Sadly so... :frown2: I was bullied for my appearance throughout most of my school life. And my oldest sister started making "jokes" about my appearance during my mid to late teens, which impacted how I saw myself and my perception of what other folk thought o' me purely based upon how I look.


----------



## harrison (Apr 14, 2012)

Graeme1988 said:


> Sadly so... :frown2: I was bullied for my appearance throughout most of my school life. And my oldest sister started making "jokes" about my appearance during my mid to late teens, which impacted how I saw myself and my perception of what other folk thought o' me purely based upon how I look.


Sorry to hear that mate. Have you ever talked to anyone about it - a therapist or anything?

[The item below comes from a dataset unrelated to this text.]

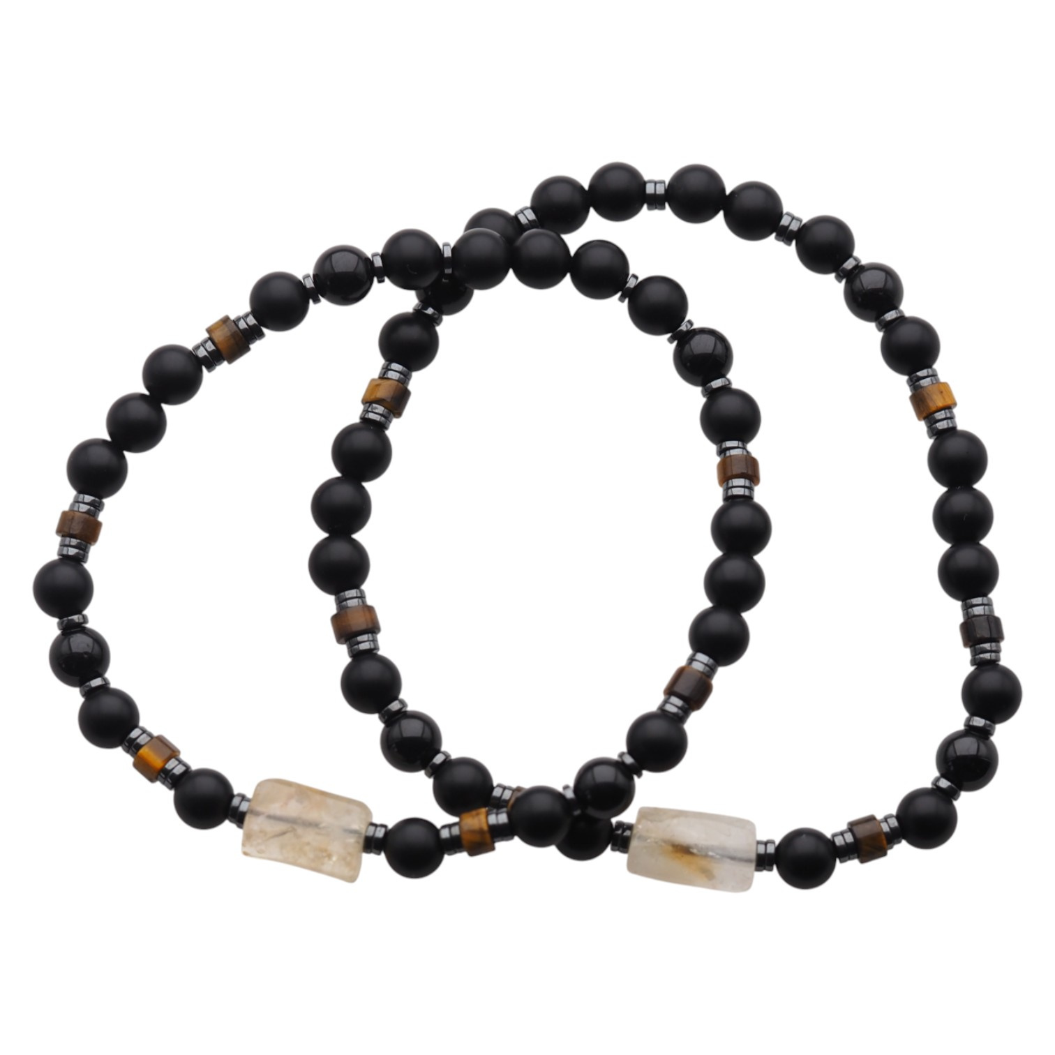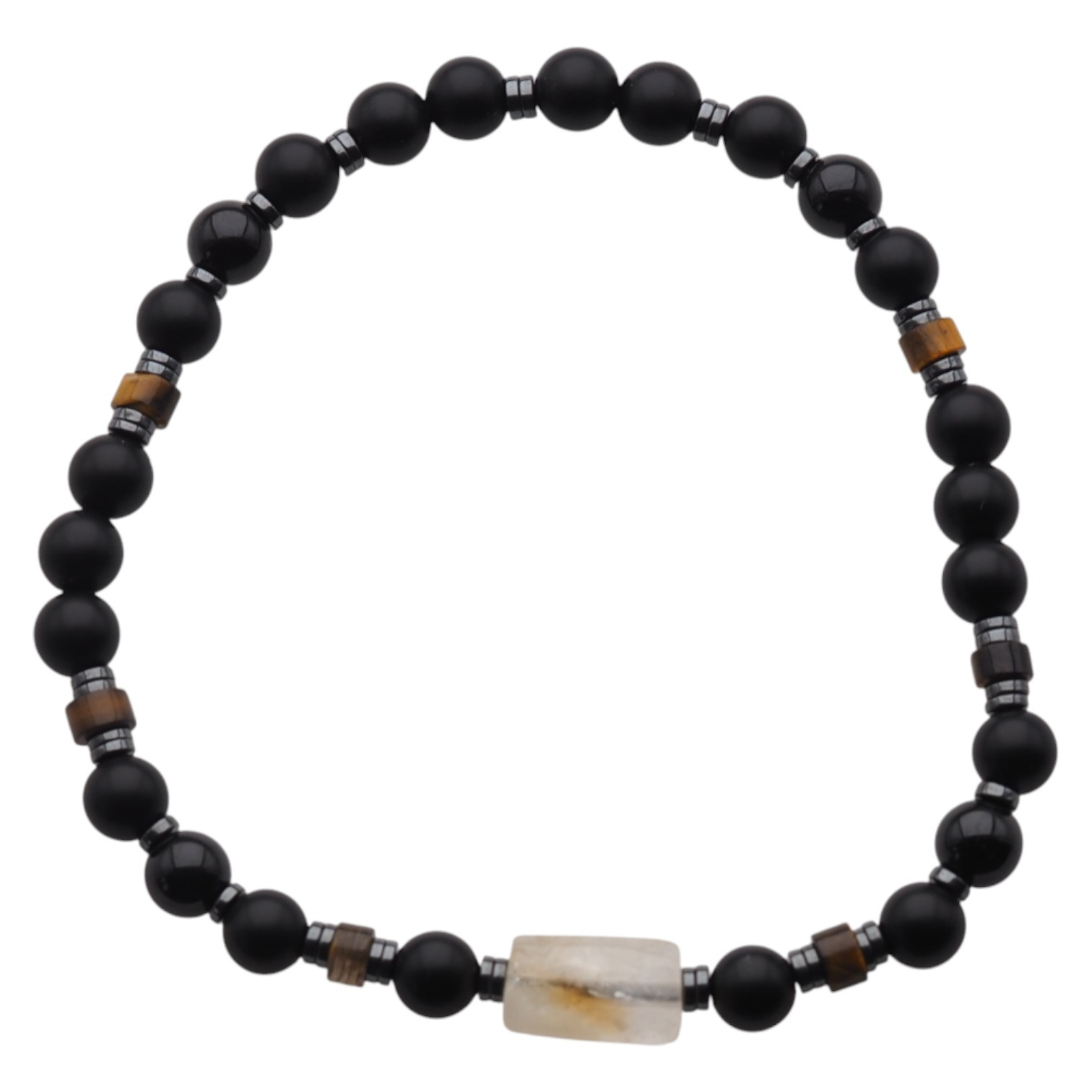 Bransoletka męska na gumce - onyks, turmalin czarny, tygrysie oko, cytryn

I like your avatar - plus I saw in another of your posts where you wrote "cannae". I've heard that said but had never seen it written like that. I love the Scottish accent - it's a shame you can't say "murder" for me.


----------



## EarthDominator (Sep 10, 2017)

Depression, (mild) social anxiety and BDD (Body Dismorphic Disorder).


----------



## Nick Attwell (Jun 16, 2014)

Aspergers Bi-Polar; plus a few other things like OCD; maybe resulting suicidal feelings & self harm


----------



## harrison (Apr 14, 2012)

Twocky61 said:


> Aspergers Bi-Polar; plus a few other things like OCD; maybe resulting suicidal feelings & self harm


How's the ECT going - is it still causing memory loss?


----------



## lucywhite (Jan 13, 2019)

BDD


----------



## Nick Attwell (Jun 16, 2014)

Hi Harrison

Yes; I still wake feeling confused; especially with psycho nurse holding my hand

I receive ECT three times a week

One strange thing is I initially don't recognise psycho nurse


----------



## harrison (Apr 14, 2012)

Twocky61 said:


> Hi Harrison
> 
> Yes; I still wake feeling confused; especially with psycho nurse holding my hand
> 
> ...


Might be a good way of getting rid of her - just try and keep it up and she might go away. (just kidding)


----------



## harrison (Apr 14, 2012)

lucywhite said:


> BDD


You're in good company here.

It's weird how some places list bipolar as BDD - I saw it a while ago on a referral letter I'd received. But mostly it seems to be used for Borderline.


----------



## AnxsyAna (Jan 12, 2019)

I never been diagnosed because i dont like going to doctors but am pretty sure i suffer from Body Dysmorphia and some type of eating disorder, i've always been obssesed with the way i look especially my weight and have never eaten normal, i tend to either overeat or undereat ,never normal


----------



## The Notorious D.B.L (Aug 2, 2016)

harrison said:


> You're in good company here.
> 
> It's weird how some places list bipolar as BDD - I saw it a while ago on a referral letter I'd received. But mostly it seems to be used for Borderline.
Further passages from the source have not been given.